■ Exercise inputs ■
------------------------------------------------
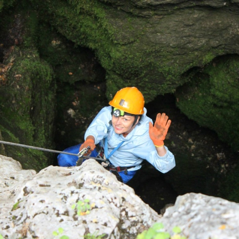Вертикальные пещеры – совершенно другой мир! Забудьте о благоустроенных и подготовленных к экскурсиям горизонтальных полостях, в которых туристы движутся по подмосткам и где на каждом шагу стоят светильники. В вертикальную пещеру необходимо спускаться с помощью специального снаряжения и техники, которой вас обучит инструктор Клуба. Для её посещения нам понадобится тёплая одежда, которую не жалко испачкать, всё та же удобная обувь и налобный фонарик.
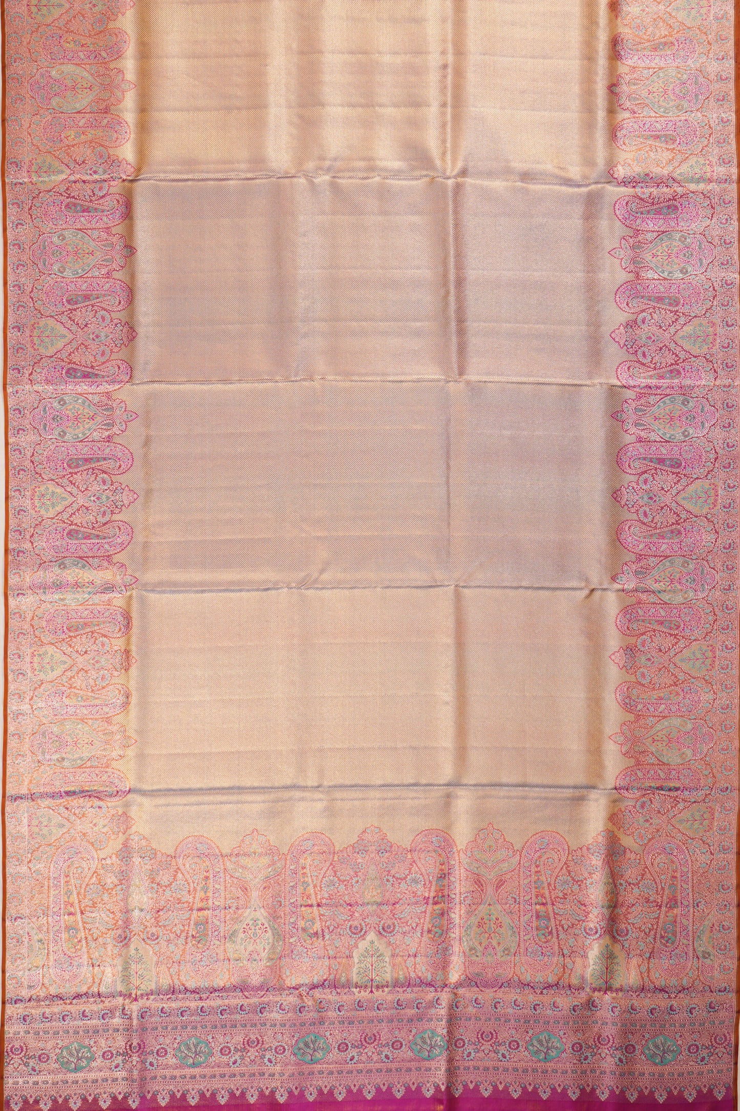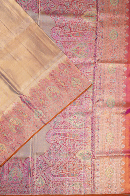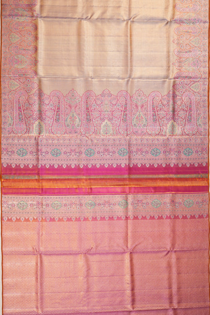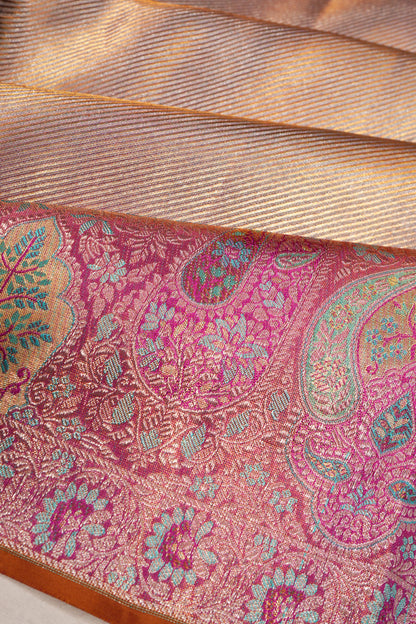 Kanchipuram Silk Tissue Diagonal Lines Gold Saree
------------------------------------------------
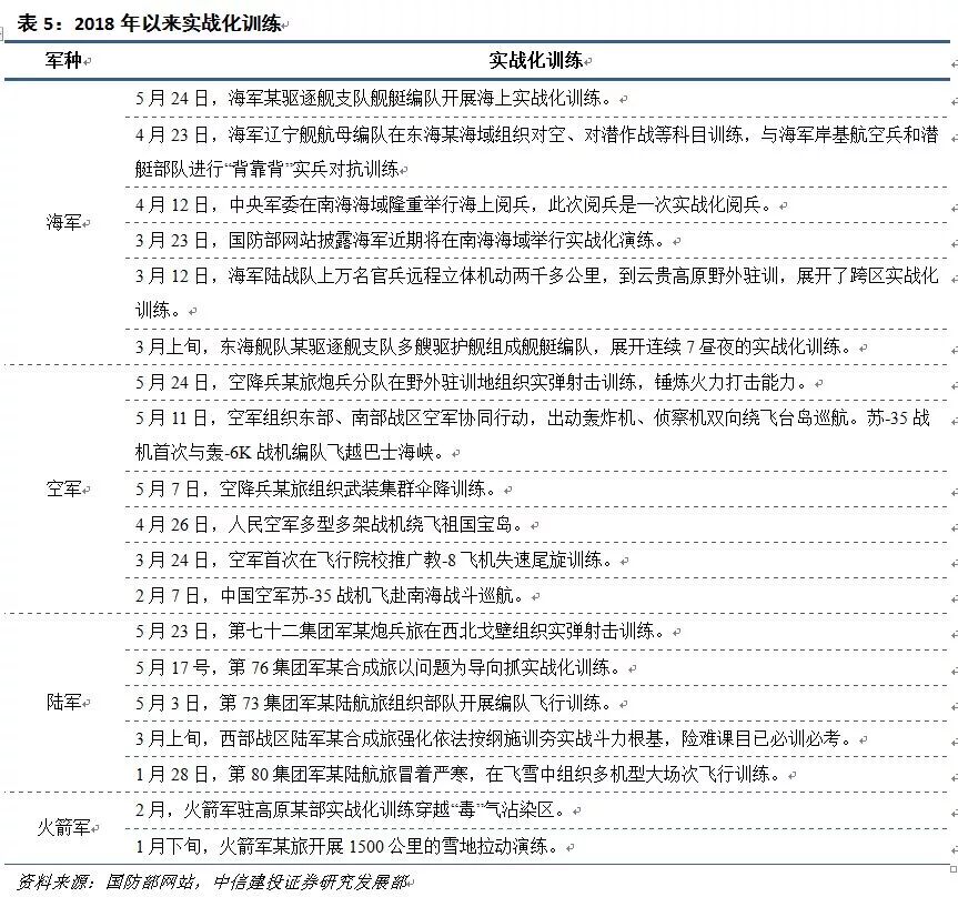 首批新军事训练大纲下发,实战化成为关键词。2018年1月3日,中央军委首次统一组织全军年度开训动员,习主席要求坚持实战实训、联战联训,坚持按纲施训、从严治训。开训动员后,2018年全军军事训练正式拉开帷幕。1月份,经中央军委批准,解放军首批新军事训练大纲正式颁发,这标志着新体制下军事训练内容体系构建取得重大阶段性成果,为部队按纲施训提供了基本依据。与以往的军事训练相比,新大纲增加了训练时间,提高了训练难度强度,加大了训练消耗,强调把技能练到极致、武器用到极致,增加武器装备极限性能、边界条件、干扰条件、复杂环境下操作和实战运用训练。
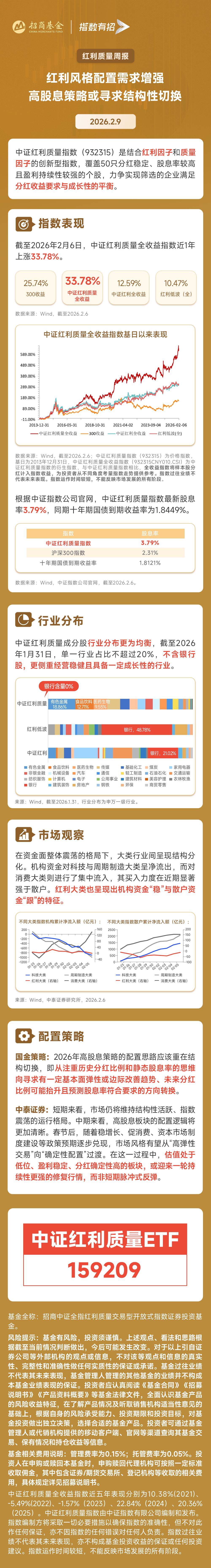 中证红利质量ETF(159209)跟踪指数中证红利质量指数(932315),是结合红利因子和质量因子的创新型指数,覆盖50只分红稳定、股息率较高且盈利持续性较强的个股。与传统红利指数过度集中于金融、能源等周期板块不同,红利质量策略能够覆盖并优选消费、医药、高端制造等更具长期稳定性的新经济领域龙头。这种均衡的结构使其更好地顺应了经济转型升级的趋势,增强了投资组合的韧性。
------------------------------------------------
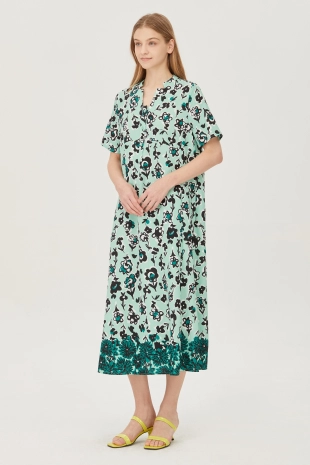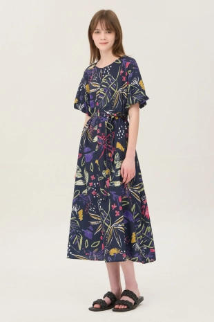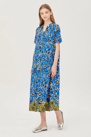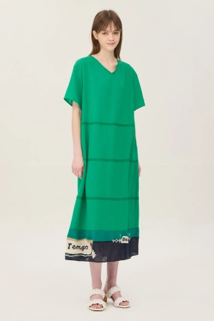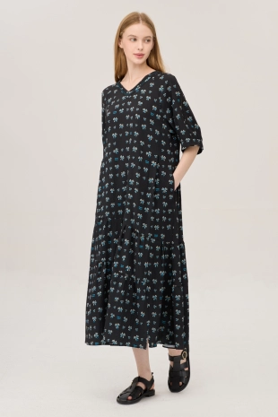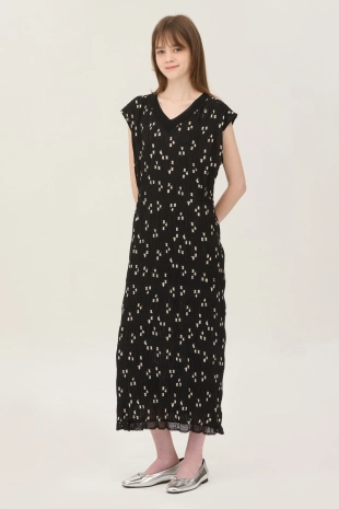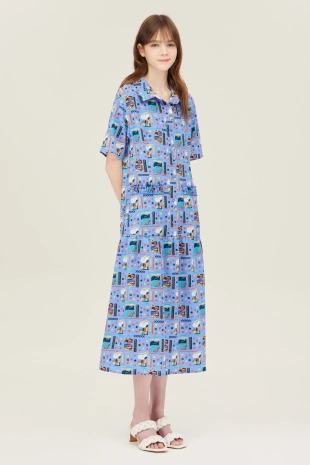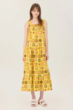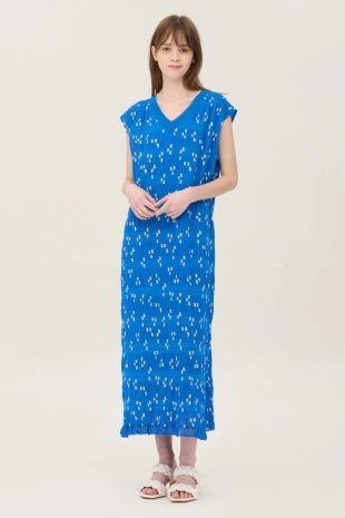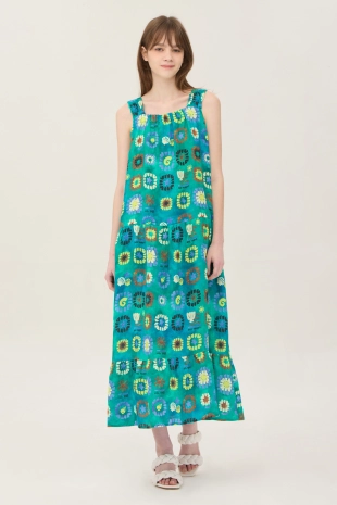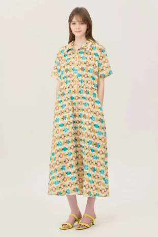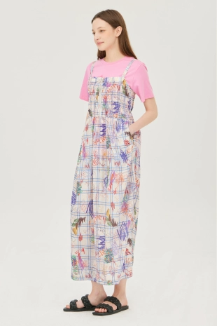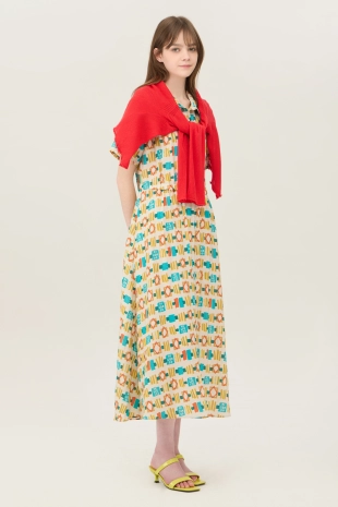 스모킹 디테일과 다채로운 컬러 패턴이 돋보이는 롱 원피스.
------------------------------------------------
■ To do ■
Repeat exactly, and only, the entries from the line with "首批新军事训练大纲下发,实战" through the line with "中证红利质量ETF(1592". Pictures are skipped.

■ Answer section ■
 首批新军事训练大纲下发,实战化成为关键词。2018年1月3日,中央军委首次统一组织全军年度开训动员,习主席要求坚持实战实训、联战联训,坚持按纲施训、从严治训。开训动员后,2018年全军军事训练正式拉开帷幕。1月份,经中央军委批准,解放军首批新军事训练大纲正式颁发,这标志着新体制下军事训练内容体系构建取得重大阶段性成果,为部队按纲施训提供了基本依据。与以往的军事训练相比,新大纲增加了训练时间,提高了训练难度强度,加大了训练消耗,强调把技能练到极致、武器用到极致,增加武器装备极限性能、边界条件、干扰条件、复杂环境下操作和实战运用训练。
 中证红利质量ETF(159209)跟踪指数中证红利质量指数(932315),是结合红利因子和质量因子的创新型指数,覆盖50只分红稳定、股息率较高且盈利持续性较强的个股。与传统红利指数过度集中于金融、能源等周期板块不同,红利质量策略能够覆盖并优选消费、医药、高端制造等更具长期稳定性的新经济领域龙头。这种均衡的结构使其更好地顺应了经济转型升级的趋势,增强了投资组合的韧性。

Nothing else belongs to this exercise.